[WHAT THE EXERCISE ASKS]
Only one stretch of the data should be retyped: the lines from the line containing "In established AS, radiographs" through the line containing "常规赛MVP亚历山大,真实命". Keep pictures out of it.
= = =
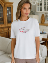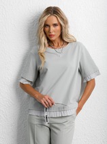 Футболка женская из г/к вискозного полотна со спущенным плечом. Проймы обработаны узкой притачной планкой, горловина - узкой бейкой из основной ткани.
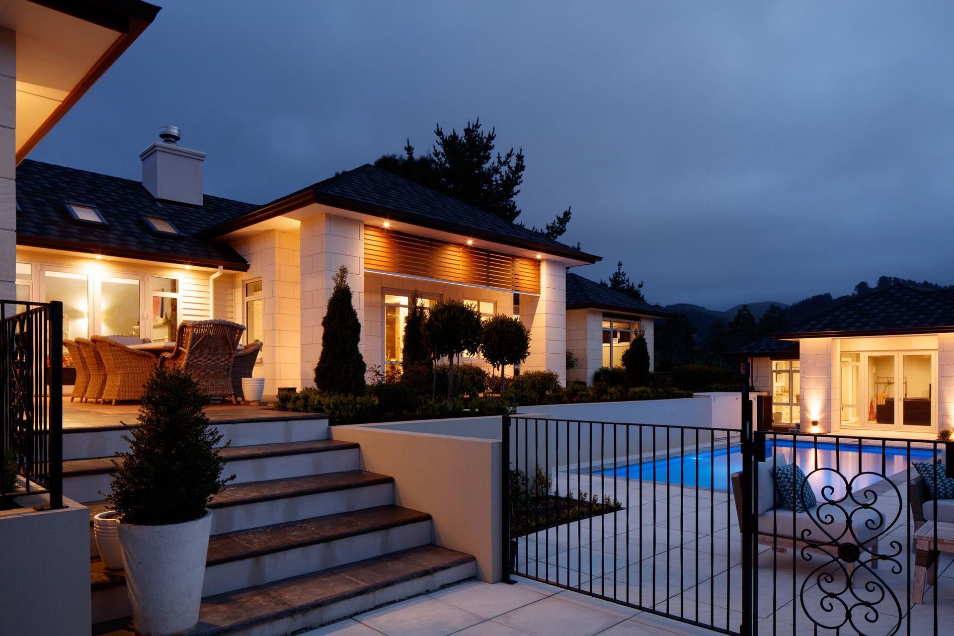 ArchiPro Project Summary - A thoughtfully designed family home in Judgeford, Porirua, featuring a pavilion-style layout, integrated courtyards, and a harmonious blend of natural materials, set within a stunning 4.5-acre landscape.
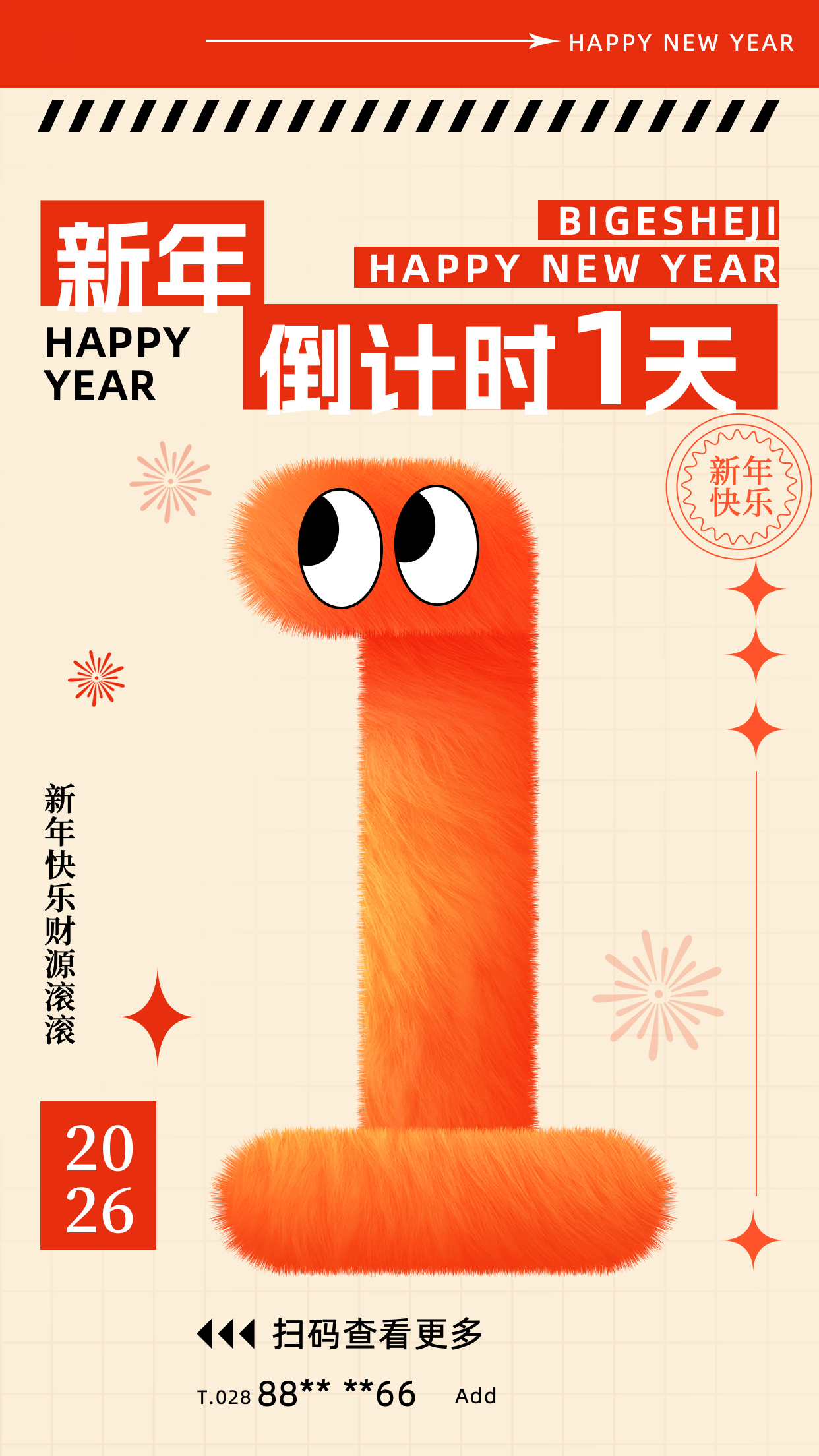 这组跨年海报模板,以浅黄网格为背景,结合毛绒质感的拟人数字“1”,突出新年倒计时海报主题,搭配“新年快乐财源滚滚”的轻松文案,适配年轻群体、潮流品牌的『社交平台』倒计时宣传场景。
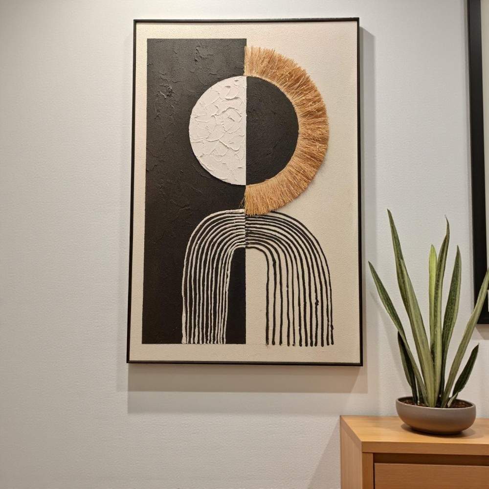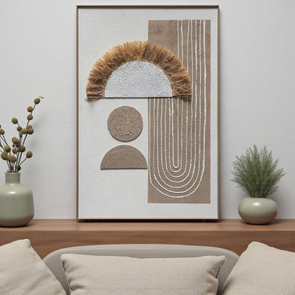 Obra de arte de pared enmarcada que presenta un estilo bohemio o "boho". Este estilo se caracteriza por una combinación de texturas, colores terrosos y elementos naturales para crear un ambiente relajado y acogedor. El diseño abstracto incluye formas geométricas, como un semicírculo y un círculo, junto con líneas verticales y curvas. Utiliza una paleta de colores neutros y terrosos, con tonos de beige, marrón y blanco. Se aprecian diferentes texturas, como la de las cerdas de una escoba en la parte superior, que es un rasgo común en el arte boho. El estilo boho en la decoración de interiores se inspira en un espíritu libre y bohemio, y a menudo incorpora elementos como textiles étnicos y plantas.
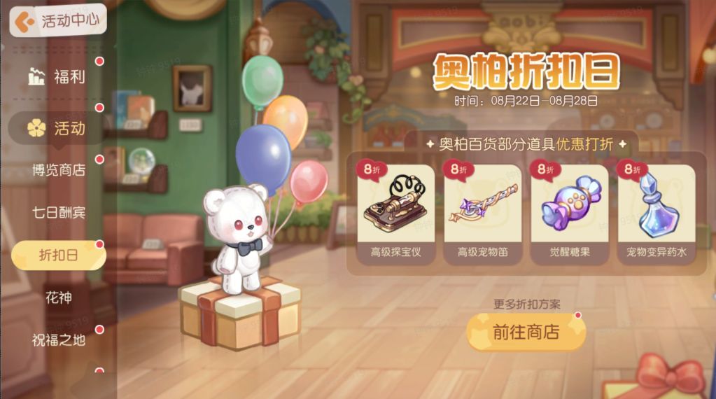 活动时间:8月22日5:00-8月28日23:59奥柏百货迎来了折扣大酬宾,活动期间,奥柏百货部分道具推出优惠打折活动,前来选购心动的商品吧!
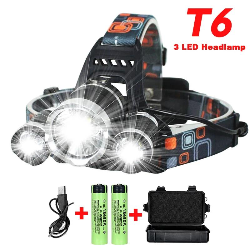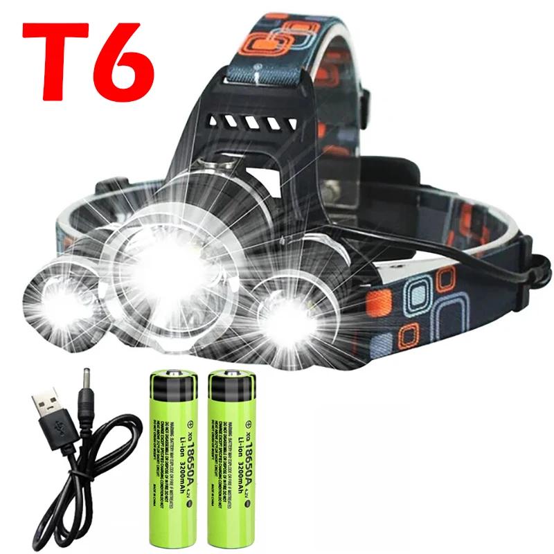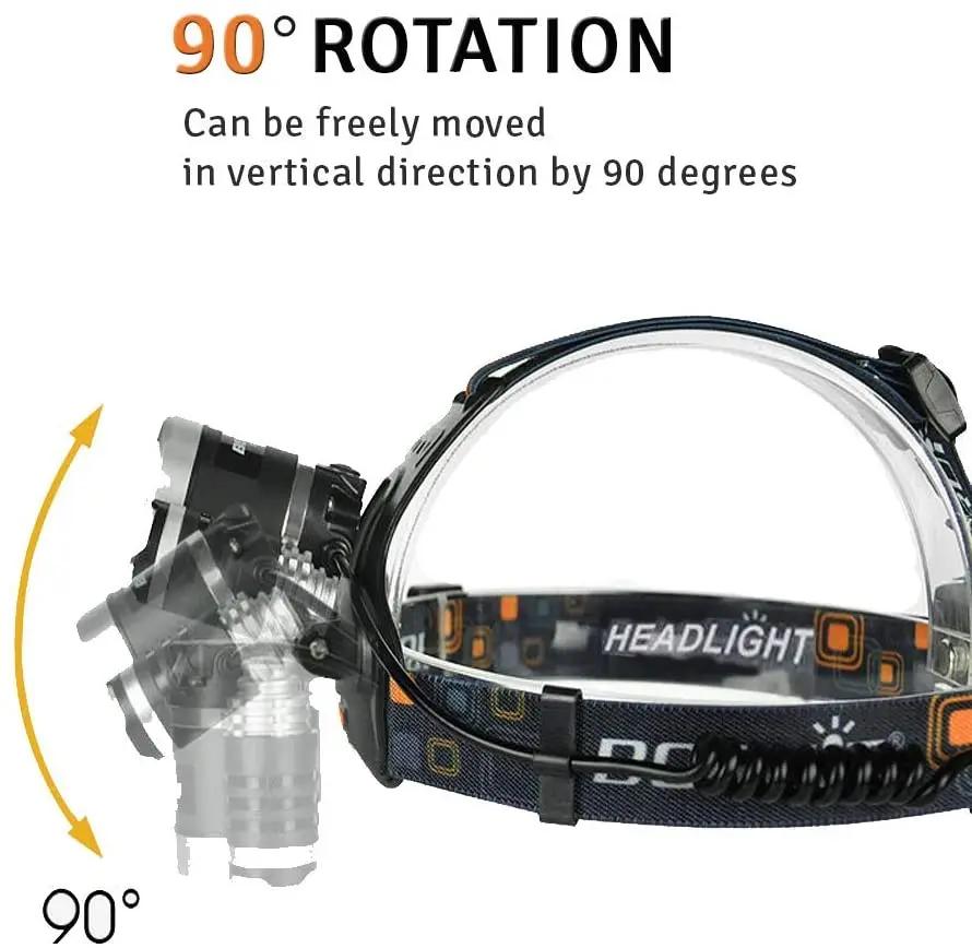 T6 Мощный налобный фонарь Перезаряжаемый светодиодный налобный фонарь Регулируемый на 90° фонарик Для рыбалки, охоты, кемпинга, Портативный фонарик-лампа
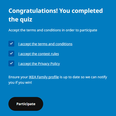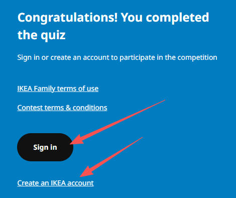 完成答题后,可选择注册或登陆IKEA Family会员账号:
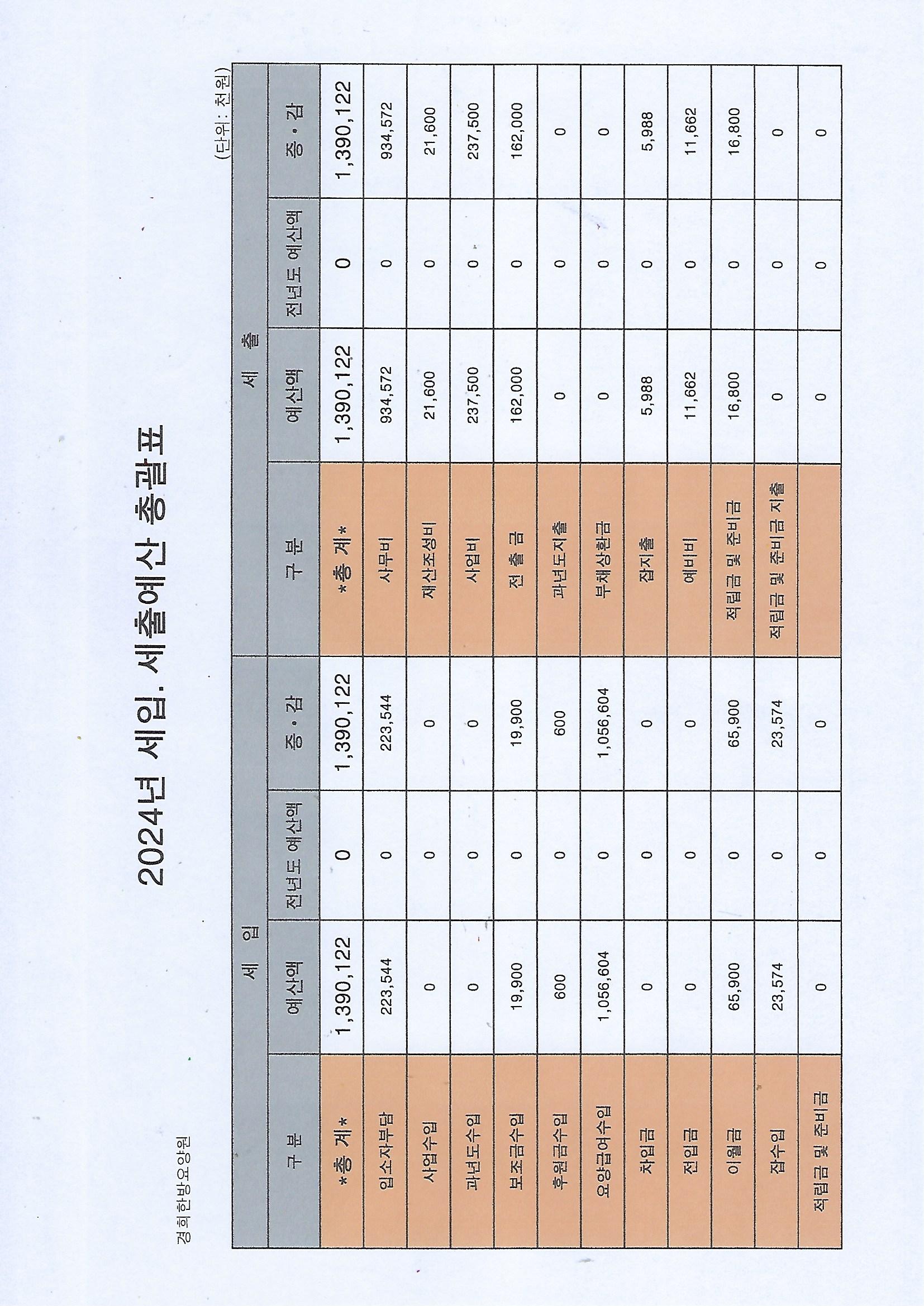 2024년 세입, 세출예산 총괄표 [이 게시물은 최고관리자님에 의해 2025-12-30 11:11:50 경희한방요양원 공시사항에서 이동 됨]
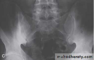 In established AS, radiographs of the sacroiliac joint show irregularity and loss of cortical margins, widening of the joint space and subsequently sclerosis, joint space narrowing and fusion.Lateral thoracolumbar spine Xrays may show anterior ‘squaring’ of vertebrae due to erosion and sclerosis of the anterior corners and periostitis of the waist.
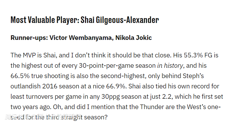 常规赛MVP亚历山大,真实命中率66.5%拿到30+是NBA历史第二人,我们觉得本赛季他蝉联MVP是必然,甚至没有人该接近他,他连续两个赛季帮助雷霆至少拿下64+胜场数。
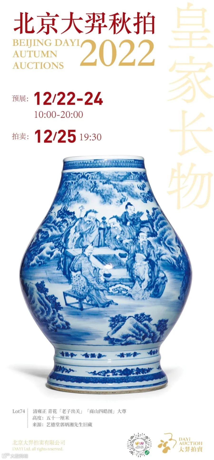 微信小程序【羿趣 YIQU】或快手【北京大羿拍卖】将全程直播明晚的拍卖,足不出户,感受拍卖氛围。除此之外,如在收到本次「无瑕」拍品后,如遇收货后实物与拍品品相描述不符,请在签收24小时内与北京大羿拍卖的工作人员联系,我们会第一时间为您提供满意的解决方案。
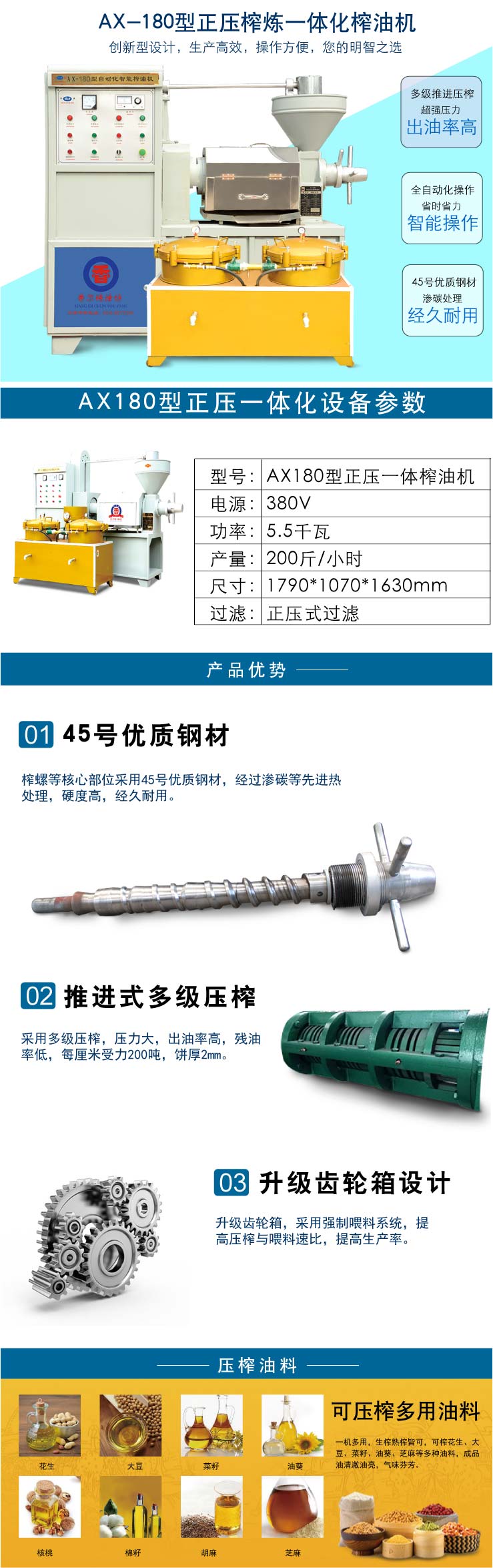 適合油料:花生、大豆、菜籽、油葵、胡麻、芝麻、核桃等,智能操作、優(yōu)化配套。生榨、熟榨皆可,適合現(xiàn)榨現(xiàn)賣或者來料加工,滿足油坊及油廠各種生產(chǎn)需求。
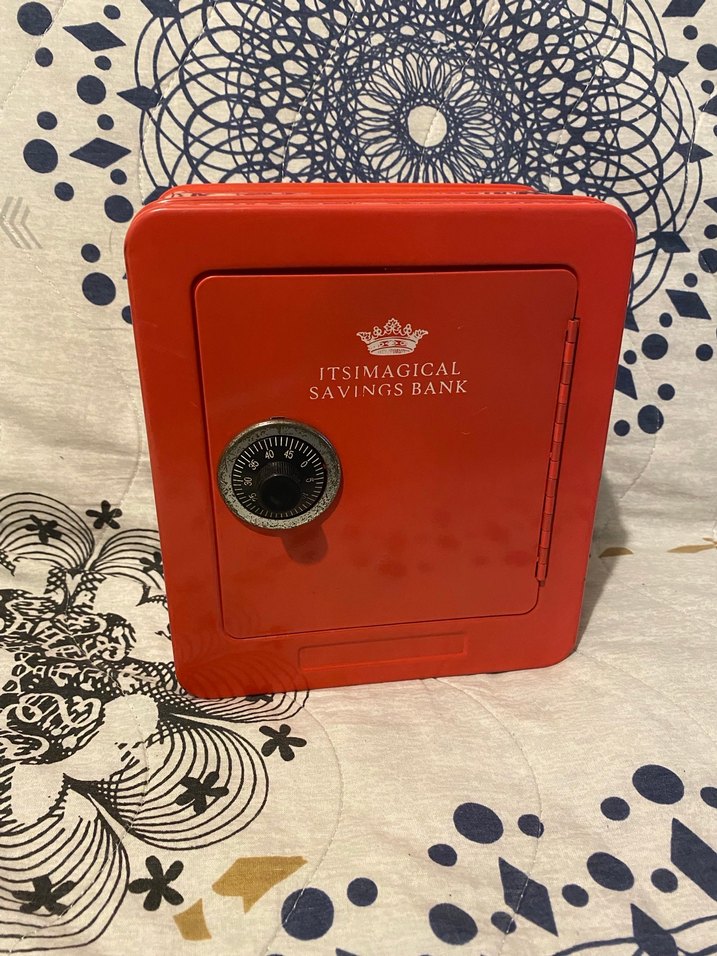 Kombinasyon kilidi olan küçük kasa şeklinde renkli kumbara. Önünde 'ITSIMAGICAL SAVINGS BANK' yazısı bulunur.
= = =
[YOUR RESPONSE]
 In established AS, radiographs of the sacroiliac joint show irregularity and loss of cortical margins, widening of the joint space and subsequently sclerosis, joint space narrowing and fusion.Lateral thoracolumbar spine Xrays may show anterior ‘squaring’ of vertebrae due to erosion and sclerosis of the anterior corners and periostitis of the waist.
 常规赛MVP亚历山大,真实命中率66.5%拿到30+是NBA历史第二人,我们觉得本赛季他蝉联MVP是必然,甚至没有人该接近他,他连续两个赛季帮助雷霆至少拿下64+胜场数。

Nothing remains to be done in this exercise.